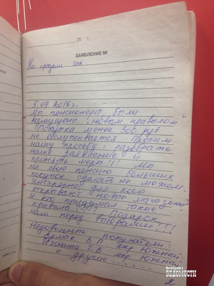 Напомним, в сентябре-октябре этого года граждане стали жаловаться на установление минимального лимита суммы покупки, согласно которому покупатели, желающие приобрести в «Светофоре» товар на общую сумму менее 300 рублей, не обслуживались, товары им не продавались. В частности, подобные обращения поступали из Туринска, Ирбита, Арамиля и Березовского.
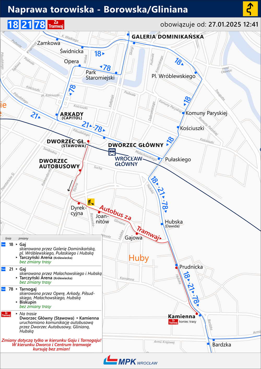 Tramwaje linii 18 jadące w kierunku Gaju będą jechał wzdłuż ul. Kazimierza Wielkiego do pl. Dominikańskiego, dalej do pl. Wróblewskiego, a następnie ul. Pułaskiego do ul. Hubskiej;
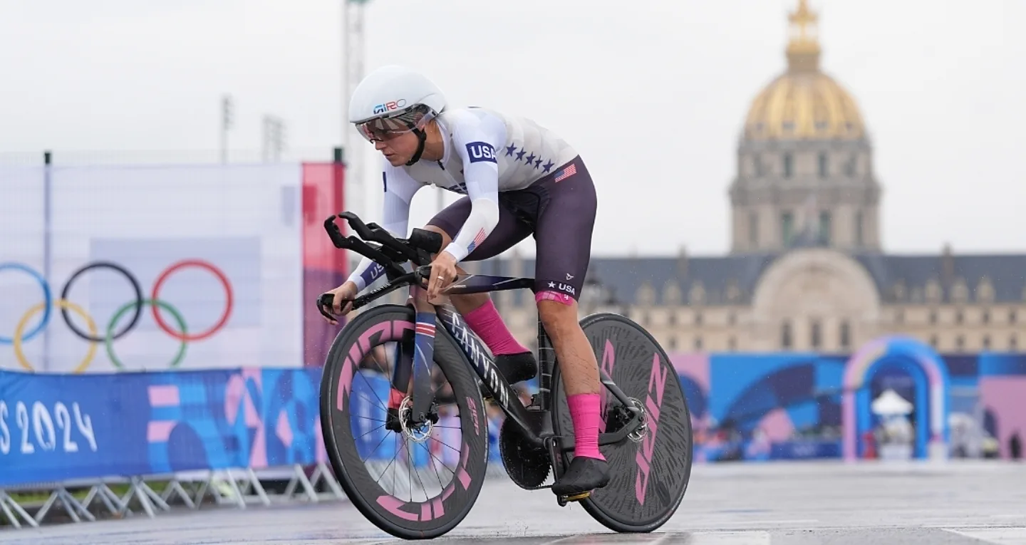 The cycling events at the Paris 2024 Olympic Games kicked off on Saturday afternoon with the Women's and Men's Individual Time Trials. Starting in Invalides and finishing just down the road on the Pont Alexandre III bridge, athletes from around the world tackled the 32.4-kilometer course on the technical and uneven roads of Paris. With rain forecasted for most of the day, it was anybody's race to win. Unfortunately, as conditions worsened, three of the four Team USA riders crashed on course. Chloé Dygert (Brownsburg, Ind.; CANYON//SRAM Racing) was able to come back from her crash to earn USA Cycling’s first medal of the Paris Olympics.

[Problem statement]:
Would you please reproduce verbatim the run of lines that opens the listing and ends with the line holding "Tramwaje linii 18", and only that run, leaving every picture out?

[Finished task]:
 Напомним, в сентябре-октябре этого года граждане стали жаловаться на установление минимального лимита суммы покупки, согласно которому покупатели, желающие приобрести в «Светофоре» товар на общую сумму менее 300 рублей, не обслуживались, товары им не продавались. В частности, подобные обращения поступали из Туринска, Ирбита, Арамиля и Березовского.
 Tramwaje linii 18 jadące w kierunku Gaju będą jechał wzdłuż ul. Kazimierza Wielkiego do pl. Dominikańskiego, dalej do pl. Wróblewskiego, a następnie ul. Pułaskiego do ul. Hubskiej;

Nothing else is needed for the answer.